En el muro frente a la pared viajera, los mitos y leyendas del Magdalena: la Llorona, la Pata Sola, el Mohán… Una galería de pescadores hondanos que apoyaron el proyecto: “Navegación y rostros de un río-mundo”. Y, en el piso, objetos, fauna, testimonios del pasado y el presente: una canoa, remos, tambores, los oficios del río; un caimán, tortugas, una babilla, el tesoro perdido del manatí, el mamífero más tierno y dulce de la corriente.

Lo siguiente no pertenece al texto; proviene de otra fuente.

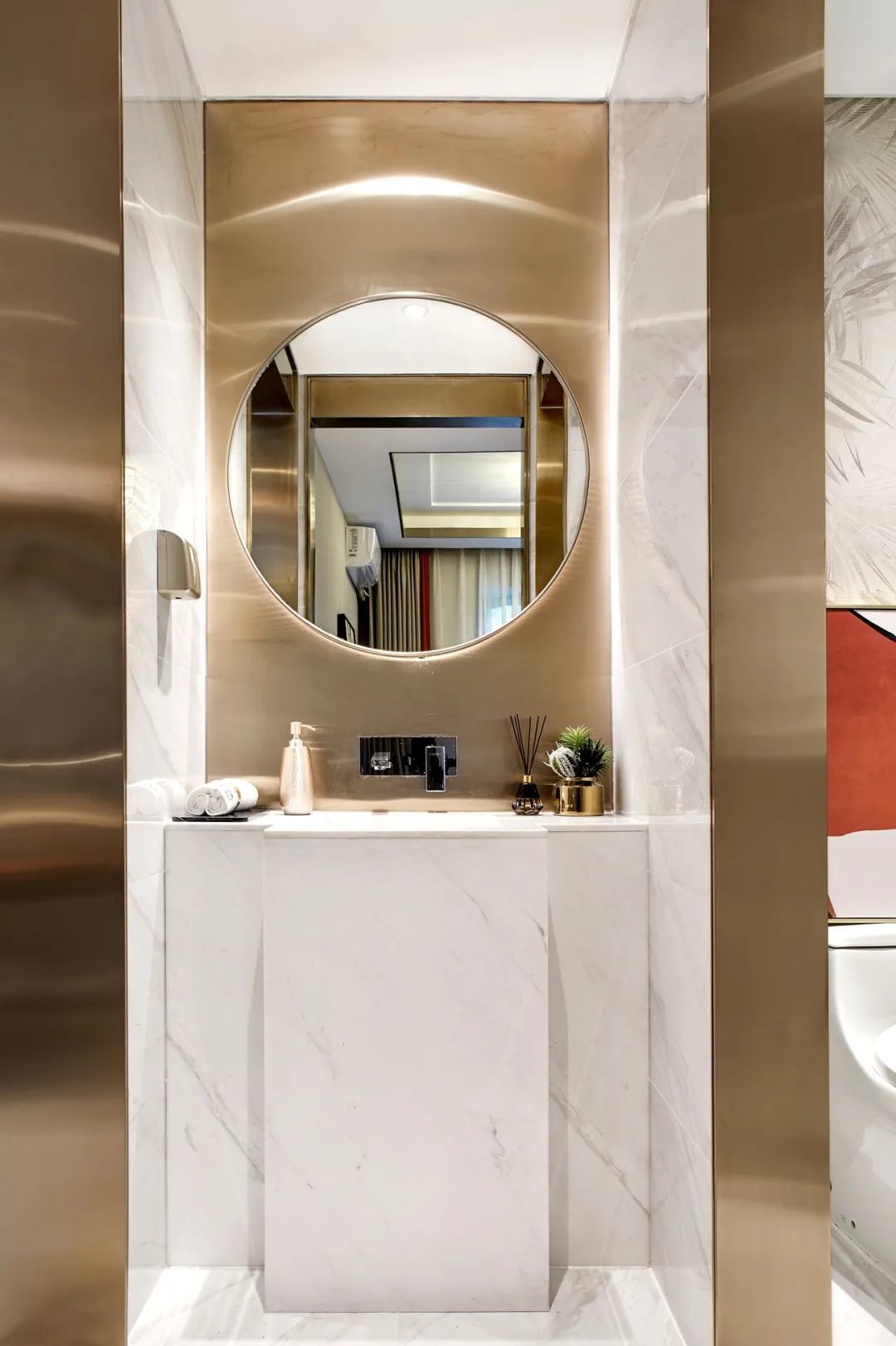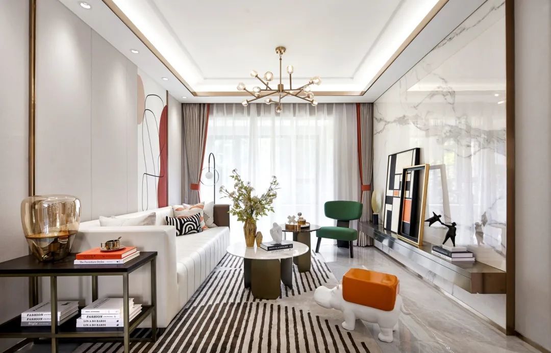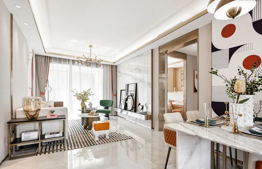 在这套130平米的房子中,整体空间以现代风的空间,加入大理石与金属质感,搭配上橙色的软装,布置精致的小饰品,营造出一种华丽高档的轻奢风格格调。

A este sector lo llamamos “el río”, afirmó Germán Ferro, director y curador del Museo del Río Magdalena, señalando la larga franja que se extiende desde la entrada hasta la sala de exposiciones temporales. Al otro lo llamamos “el buque”, dijo, mostrando un espacio lateral.

El buque

Entre dos y tres veces más amplio que el sector de “el río”, “el buque” ofrece al visitante, de popa a proa, una historia de la navegación, la función más importante del río históricamente, comenzando en las canoas indígenas, siguiendo en los champanes que por casi tres siglos hicieron posible el comercio a gran escala y llegando hasta los vapores que reemplazaron a los champanes en buena parte del siglo XIX y hasta la mitad del XX; los productos que las embarcaciones transportaron, desde la tagua hasta el café; los seres humanos que movieron tales embarcaciones, en particular los bogas y los posteriores tripulantes de los vapores, a quienes se rinden visibles homenajes.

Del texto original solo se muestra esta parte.